**Exercise:** Each line below must be set down exactly; omit any image you find.

**Data shown:**
================================

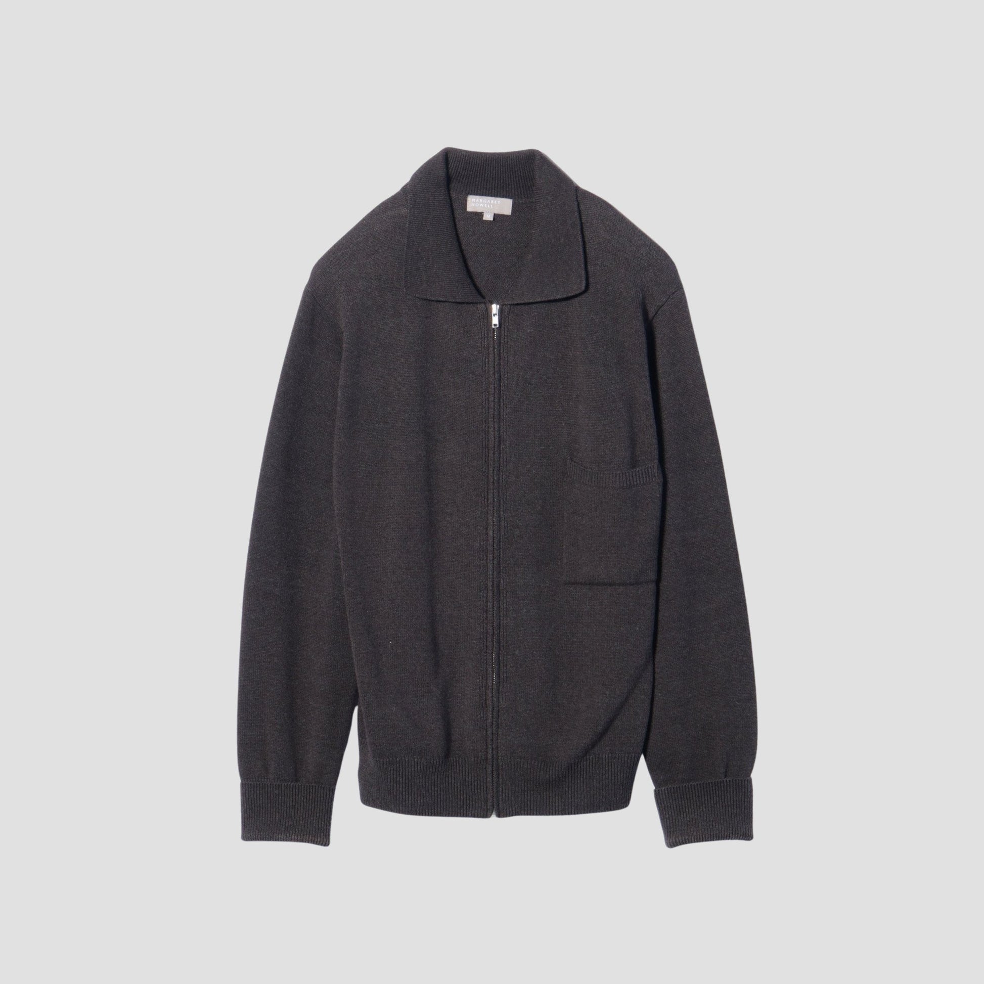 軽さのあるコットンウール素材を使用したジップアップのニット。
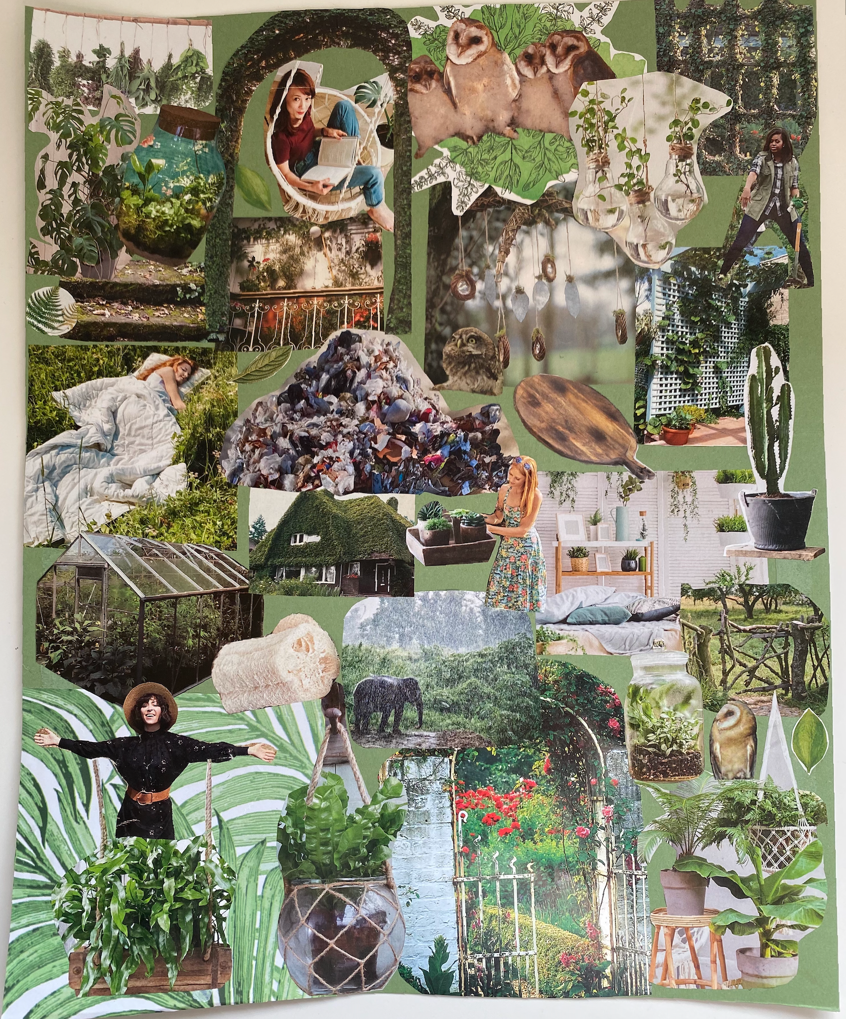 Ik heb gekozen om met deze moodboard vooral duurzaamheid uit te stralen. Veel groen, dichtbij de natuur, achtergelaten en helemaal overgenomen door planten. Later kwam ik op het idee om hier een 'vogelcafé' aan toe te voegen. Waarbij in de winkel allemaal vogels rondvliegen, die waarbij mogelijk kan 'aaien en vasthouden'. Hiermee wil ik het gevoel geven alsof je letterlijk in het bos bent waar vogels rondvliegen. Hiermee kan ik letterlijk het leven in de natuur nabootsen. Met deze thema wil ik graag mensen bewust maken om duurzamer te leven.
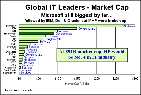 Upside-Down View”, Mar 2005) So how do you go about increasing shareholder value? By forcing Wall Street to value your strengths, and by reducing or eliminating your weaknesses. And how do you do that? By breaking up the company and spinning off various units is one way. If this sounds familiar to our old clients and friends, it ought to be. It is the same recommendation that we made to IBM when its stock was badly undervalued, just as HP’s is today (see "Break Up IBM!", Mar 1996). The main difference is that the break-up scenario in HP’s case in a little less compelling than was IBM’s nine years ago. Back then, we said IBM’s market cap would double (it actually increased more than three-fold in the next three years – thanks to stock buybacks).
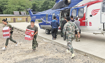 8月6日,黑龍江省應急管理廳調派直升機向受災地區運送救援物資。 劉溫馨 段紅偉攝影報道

================================

**Response:**
 軽さのあるコットンウール素材を使用したジップアップのニット。
 Ik heb gekozen om met deze moodboard vooral duurzaamheid uit te stralen. Veel groen, dichtbij de natuur, achtergelaten en helemaal overgenomen door planten. Later kwam ik op het idee om hier een 'vogelcafé' aan toe te voegen. Waarbij in de winkel allemaal vogels rondvliegen, die waarbij mogelijk kan 'aaien en vasthouden'. Hiermee wil ik het gevoel geven alsof je letterlijk in het bos bent waar vogels rondvliegen. Hiermee kan ik letterlijk het leven in de natuur nabootsen. Met deze thema wil ik graag mensen bewust maken om duurzamer te leven.
 Upside-Down View”, Mar 2005) So how do you go about increasing shareholder value? By forcing Wall Street to value your strengths, and by reducing or eliminating your weaknesses. And how do you do that? By breaking up the company and spinning off various units is one way. If this sounds familiar to our old clients and friends, it ought to be. It is the same recommendation that we made to IBM when its stock was badly undervalued, just as HP’s is today (see "Break Up IBM!", Mar 1996). The main difference is that the break-up scenario in HP’s case in a little less compelling than was IBM’s nine years ago. Back then, we said IBM’s market cap would double (it actually increased more than three-fold in the next three years – thanks to stock buybacks).
 8月6日,黑龍江省應急管理廳調派直升機向受災地區運送救援物資。 劉溫馨 段紅偉攝影報道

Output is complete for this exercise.